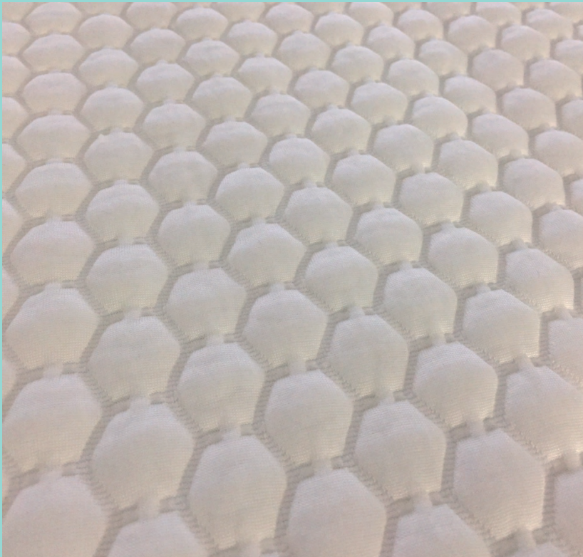
*表面拡大写真。より光沢のある凸面を使用部位にあててお使いください。
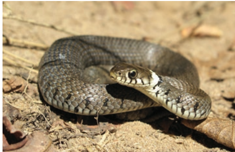
Couleuvre à collier G. Doucet - CENB
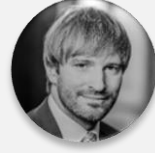
Mgr. et Mgr. Adam Vojtěch, MHA ministr, Ministerstvo zdravotnictví České republiky
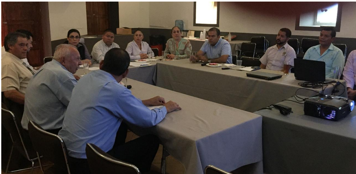
PRIMERA SESION ORDINARIA. 16 DE MAYO DE 2017
▬▬▬▬▬▬
Restate the whole of the material word for word without the pictures.

*表面拡大写真。より光沢のある凸面を使用部位にあててお使いください。
Couleuvre à collier G. Doucet - CENB
Mgr. et Mgr. Adam Vojtěch, MHA ministr, Ministerstvo zdravotnictví České republiky
PRIMERA SESION ORDINARIA. 16 DE MAYO DE 2017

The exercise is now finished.